Wary underwriters are seeking more assurances from venues on their security preparations and looking for firm staffing numbers at a time when staffing is already difficult.
“These tragic events have changed how everyone looked at concerts,” said Cameron Smith, HUB International’s senior vice president. “It’s much more rigorous now.”
Smith said a decade ago, he could simply have a festival fill out an insurance application with a safety and security plan, and “the carrier would just take their word for it.” That’s no longer the case.
“Today there’s a thorough review for active shooter protocol, site plans, ingress and egress, how and how many security is deployed,” Smith said. “Carriers also are requiring the security vendor carry insurance and the right amount of insurance. A decade ago, they’d just hope for the best.”
Furthermore, juries, particularly in jurisdictions where tort reform has lifted or outright repealed liability caps, are awarding larger and larger sums to plaintiffs — so called “nuclear verdicts.”
The insurance industry calls this “social inflation” — an increase in exposure that outpaces economic inflation, which last year reached historic highs.

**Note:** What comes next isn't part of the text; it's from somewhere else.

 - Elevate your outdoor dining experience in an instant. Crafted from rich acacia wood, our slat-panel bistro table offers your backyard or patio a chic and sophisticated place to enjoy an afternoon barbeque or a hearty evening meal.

Property insurance rates continue to outpace inflation as well. Underwriters are decreasingly lenient on insurance-to-value calculations in the broader market, resulting in an uptick of up to 10%. But climate change and resultant catastrophic events like wildfires, floods and hurricanes will drive those costs even higher, well into double digit increases year-over-year, HUB predicts in Florida, California and other fire-prone parts of the west.

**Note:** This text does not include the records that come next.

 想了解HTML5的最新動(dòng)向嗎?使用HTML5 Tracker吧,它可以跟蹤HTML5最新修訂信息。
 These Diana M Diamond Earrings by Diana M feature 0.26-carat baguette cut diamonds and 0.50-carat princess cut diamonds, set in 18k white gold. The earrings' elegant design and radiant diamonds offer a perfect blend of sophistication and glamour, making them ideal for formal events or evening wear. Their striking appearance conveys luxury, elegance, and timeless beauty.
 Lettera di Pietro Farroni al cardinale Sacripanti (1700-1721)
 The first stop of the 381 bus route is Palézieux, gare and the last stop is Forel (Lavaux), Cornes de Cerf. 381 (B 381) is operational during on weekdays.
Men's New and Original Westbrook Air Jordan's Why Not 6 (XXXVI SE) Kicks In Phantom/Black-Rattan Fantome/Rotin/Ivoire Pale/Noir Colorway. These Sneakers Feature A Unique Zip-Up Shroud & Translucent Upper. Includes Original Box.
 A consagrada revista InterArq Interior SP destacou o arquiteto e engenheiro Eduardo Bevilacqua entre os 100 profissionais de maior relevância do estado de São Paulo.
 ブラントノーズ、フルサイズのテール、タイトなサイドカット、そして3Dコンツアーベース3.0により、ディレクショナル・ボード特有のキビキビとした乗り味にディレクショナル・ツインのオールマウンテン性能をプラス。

“We’re seeing carriers, especially in the property world, afraid to offer up limits,” Smith said. “They’ve got an overall cap for the company. The capacity of limit is lessened and carriers have a lower appetite, particularly after these catastrophic events.”
An increased reliance on the digital space for everything from ticket delivery to food service to payroll brings a whole set of headaches and liabilities to venues.

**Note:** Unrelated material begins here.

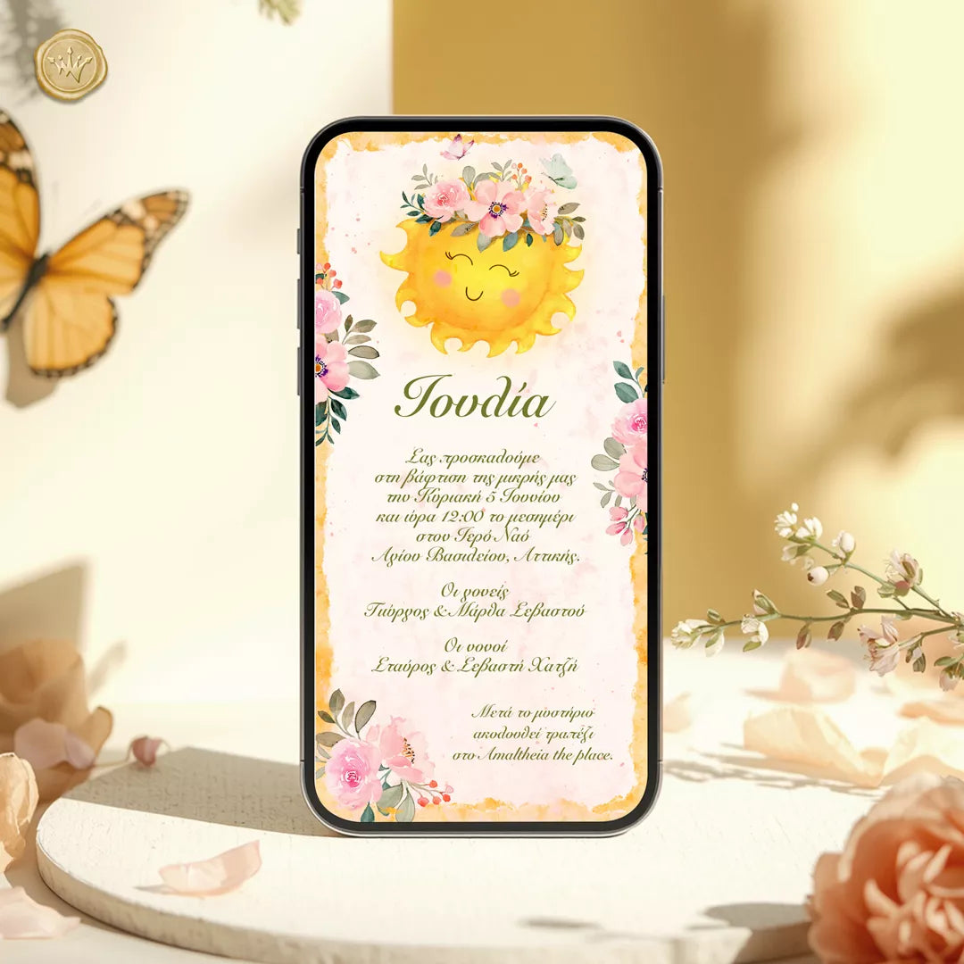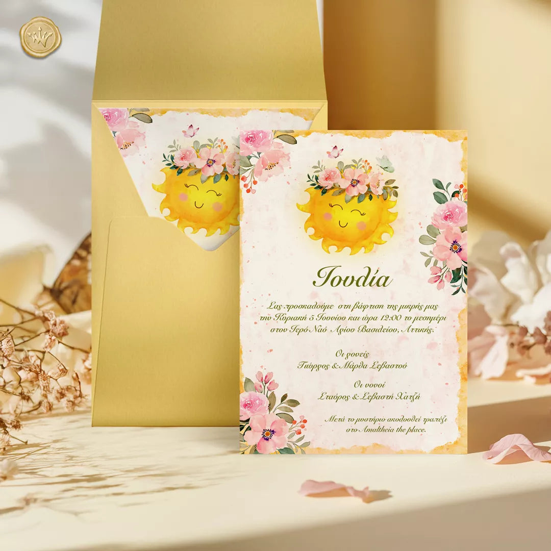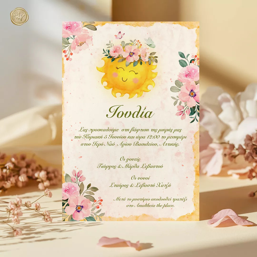 Προσκλητήριο βάπτισης ήλιος με λουλούδια για κορίτσι
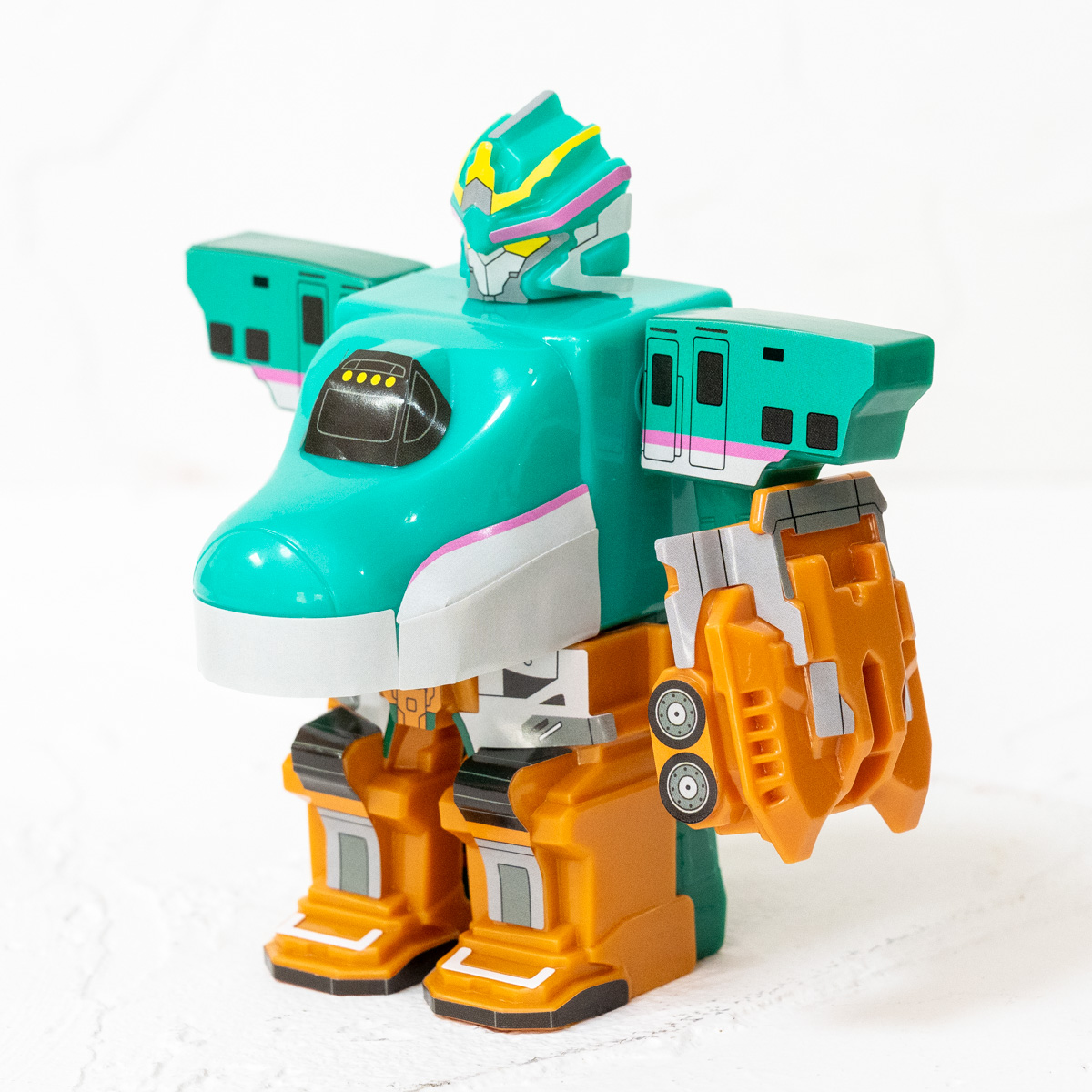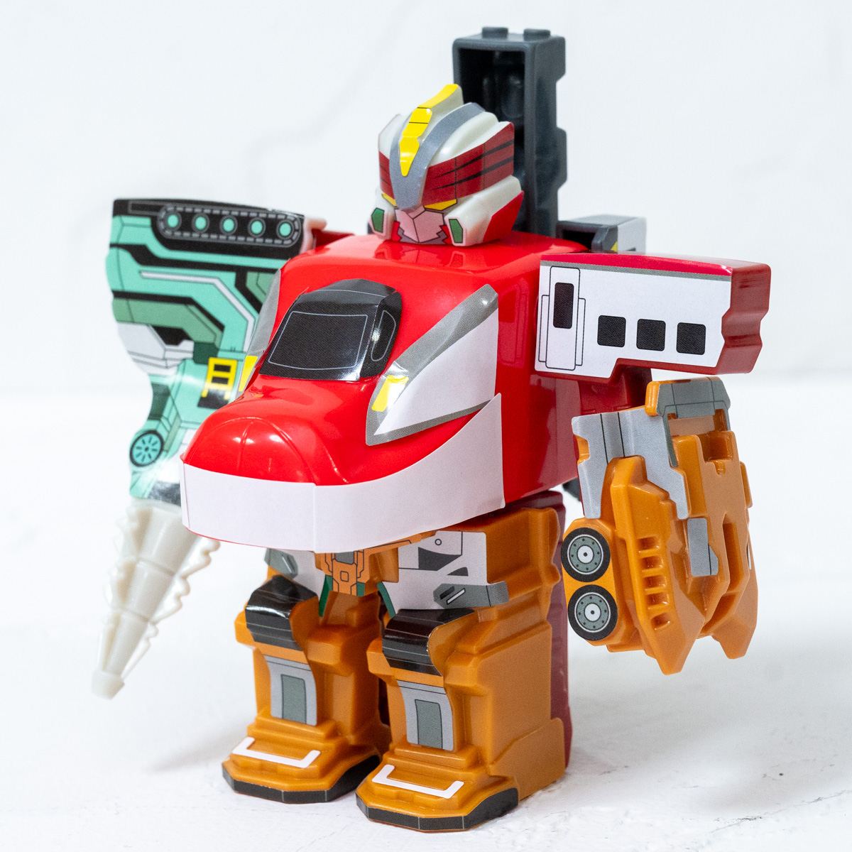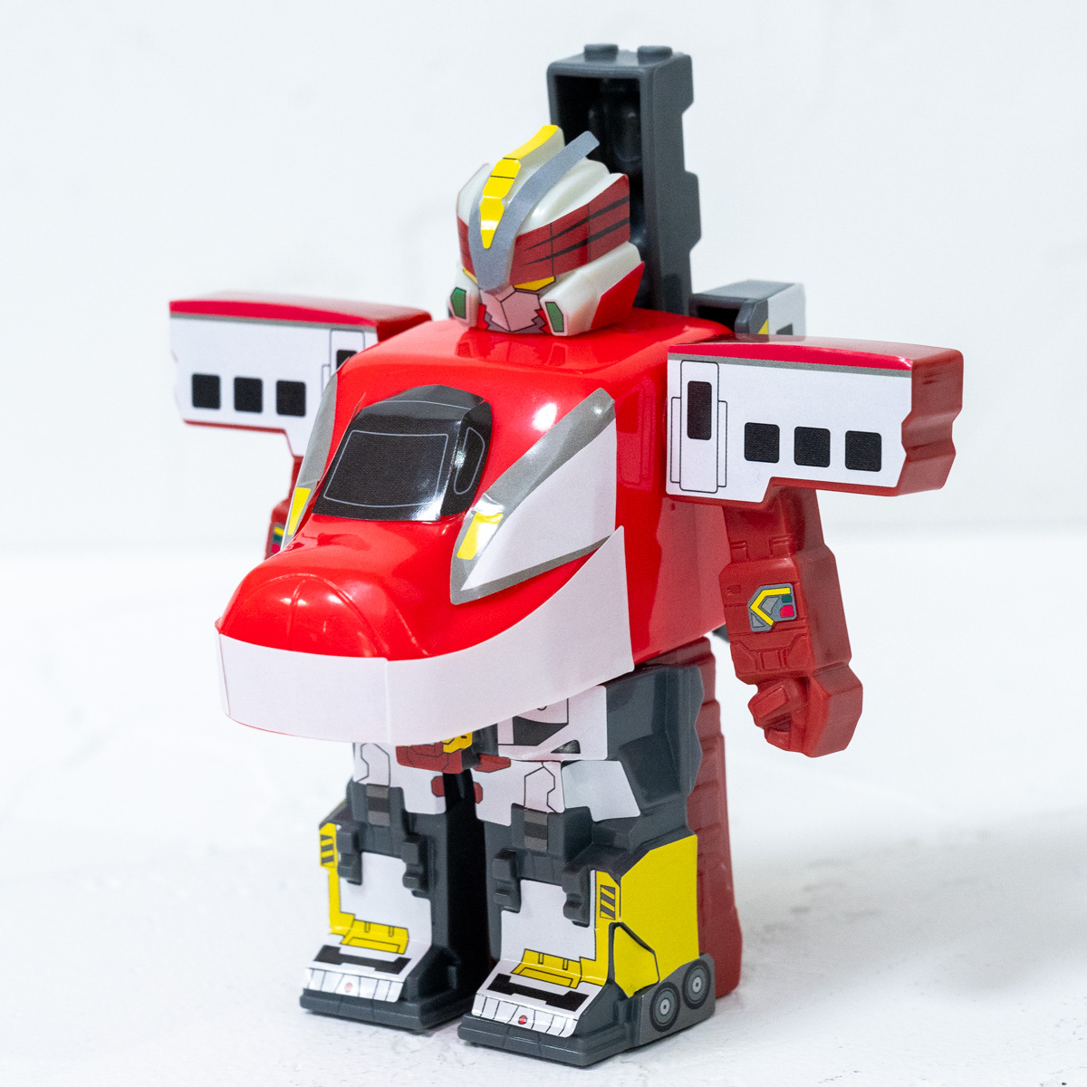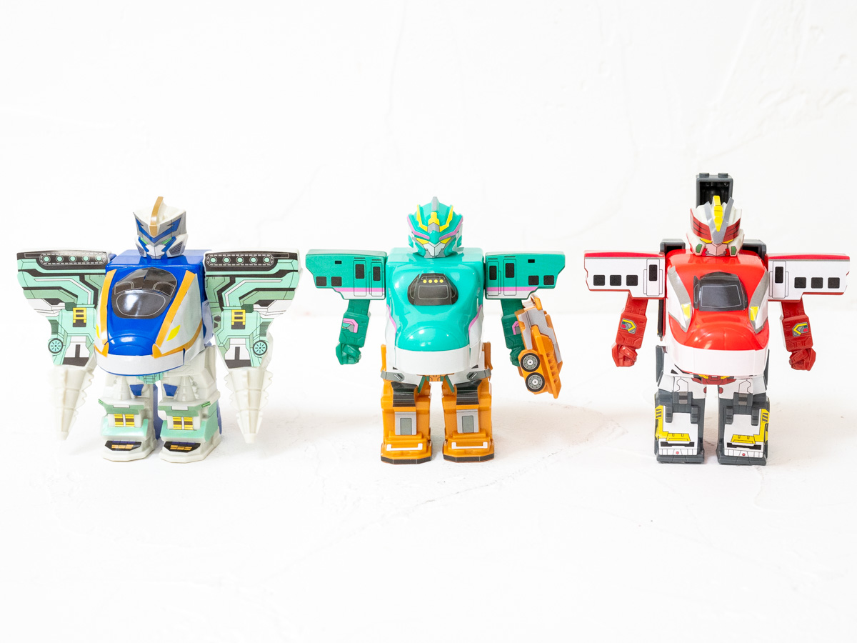 取り外し可能なパーツを合体させ、新幹線からロボットへの進化もできるおもちゃです!

The image of the random hacker seemingly only interested in sowing chaos is outdated; ever more sophisticated cybercriminals are turning their focus to ransomware attacks and cyber-blackmail, capturing personal information from businesses and other institutions in an effort to reap a big payday. The Los Angeles Unified School District, the nation’s second largest, is a notable example from 2022.
The prospect, naturally, makes underwriters anxious.
In 2020, the last year with reliable data, nearly half of entertainment firms reported some kind of cyberattack, with the average time to correct the breach of 220 days.
Cybercrimes have escalated sharply since the pandemic, and the entertainment sector is particularly vulnerable as the business shifts to streaming, digital delivery and ticketing applications.
“The fast pace of negotiations and digital transactions create further opportunities for bad actors,” HUB’s Outlook says, predicting that premiums for insurance protecting against cybercrime could rise more than 40%.
“I’ve had clients get hit,” Smith said. “I had a festival get hit. A hacker was able to get into their system and answer an email looking for a block of tickets and get $60,000 sent to an offshore bank account.”
Digital “is just the way business is done now,” Smith says, and that means insurers are looking for venues and festivals to have top-of-the-line security protocols minimize the risk there just as they do with physical security.
Ultimately, the insurance business is all about risk and its minimization. With higher grosses and bigger crowds, the risks are naturally bigger; what’s really changed is that the risks in 2023 are far more acute with far greater potential for catastrophic outcomes. Property insurers always measured the danger of fire or flood, for example, but now fires are more frequent and storms more damaging. Near-exclusive reliance on digital transactions has created exposure unforeseeable 25 years ago.
It all means that, a venue can minimize its risks, but will almost certainly be paying higher premiums nevertheless.